#### [Task item]
Word for word, retype the lines from the one containing "Auch in unserem" to the one containing "Lịch trực lãnh" below, keeping both end lines and dropping the pictures.

----- Source material

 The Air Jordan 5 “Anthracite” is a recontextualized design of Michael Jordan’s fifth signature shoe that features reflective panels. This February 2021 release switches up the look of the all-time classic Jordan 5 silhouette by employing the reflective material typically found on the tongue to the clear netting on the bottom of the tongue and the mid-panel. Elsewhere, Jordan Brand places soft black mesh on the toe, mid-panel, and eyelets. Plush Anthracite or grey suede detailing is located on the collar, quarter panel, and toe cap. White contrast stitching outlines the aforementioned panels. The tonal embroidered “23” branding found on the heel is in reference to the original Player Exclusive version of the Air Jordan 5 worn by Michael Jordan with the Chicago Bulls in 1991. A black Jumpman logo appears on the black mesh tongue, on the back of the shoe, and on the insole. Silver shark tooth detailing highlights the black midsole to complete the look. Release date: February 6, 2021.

----------
----- Source material

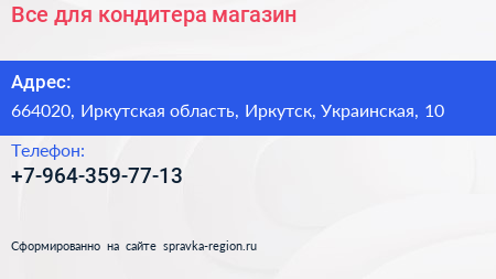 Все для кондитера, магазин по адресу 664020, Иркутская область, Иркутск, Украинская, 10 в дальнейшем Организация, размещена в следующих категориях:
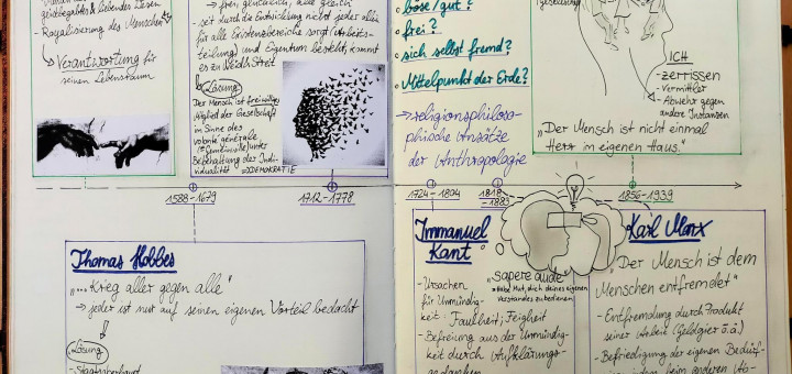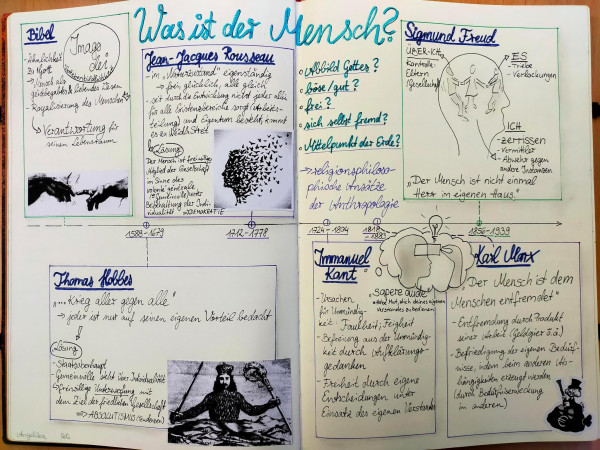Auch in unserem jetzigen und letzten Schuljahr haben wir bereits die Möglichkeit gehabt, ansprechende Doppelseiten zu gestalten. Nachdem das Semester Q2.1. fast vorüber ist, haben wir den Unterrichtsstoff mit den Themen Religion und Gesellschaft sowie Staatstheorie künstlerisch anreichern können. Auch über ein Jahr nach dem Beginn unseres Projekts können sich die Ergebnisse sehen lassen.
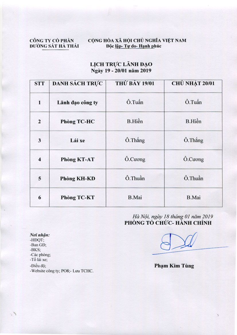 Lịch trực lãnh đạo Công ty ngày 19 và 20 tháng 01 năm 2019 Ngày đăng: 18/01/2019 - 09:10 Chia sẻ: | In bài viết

----------
----- Source material

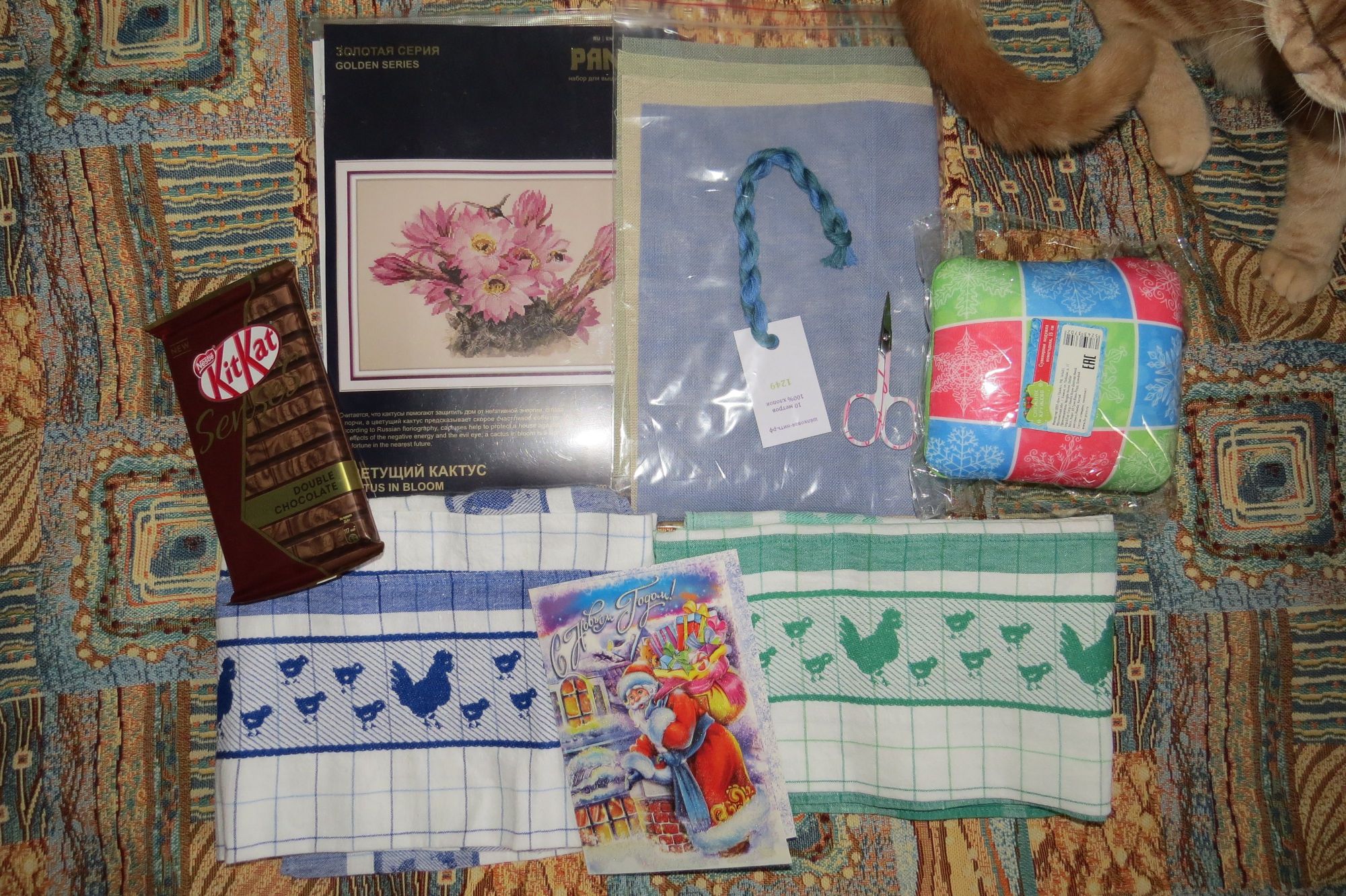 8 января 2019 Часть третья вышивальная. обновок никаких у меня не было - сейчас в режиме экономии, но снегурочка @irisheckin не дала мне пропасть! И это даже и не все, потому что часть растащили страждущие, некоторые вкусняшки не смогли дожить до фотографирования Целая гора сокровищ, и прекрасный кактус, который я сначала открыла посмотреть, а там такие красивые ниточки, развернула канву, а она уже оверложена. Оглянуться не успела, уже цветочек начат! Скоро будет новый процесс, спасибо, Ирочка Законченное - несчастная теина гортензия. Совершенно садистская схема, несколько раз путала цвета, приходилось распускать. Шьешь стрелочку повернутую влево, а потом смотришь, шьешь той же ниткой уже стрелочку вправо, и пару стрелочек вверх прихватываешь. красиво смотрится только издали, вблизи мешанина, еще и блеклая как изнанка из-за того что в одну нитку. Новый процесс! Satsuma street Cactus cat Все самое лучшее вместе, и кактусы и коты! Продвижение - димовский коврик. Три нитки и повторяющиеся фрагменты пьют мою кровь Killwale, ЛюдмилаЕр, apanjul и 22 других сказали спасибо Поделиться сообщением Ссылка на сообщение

----------

#### [Expected answer]
Auch in unserem jetzigen und letzten Schuljahr haben wir bereits die Möglichkeit gehabt, ansprechende Doppelseiten zu gestalten. Nachdem das Semester Q2.1. fast vorüber ist, haben wir den Unterrichtsstoff mit den Themen Religion und Gesellschaft sowie Staatstheorie künstlerisch anreichern können. Auch über ein Jahr nach dem Beginn unseres Projekts können sich die Ergebnisse sehen lassen.
 Lịch trực lãnh đạo Công ty ngày 19 và 20 tháng 01 năm 2019 Ngày đăng: 18/01/2019 - 09:10 Chia sẻ: | In bài viết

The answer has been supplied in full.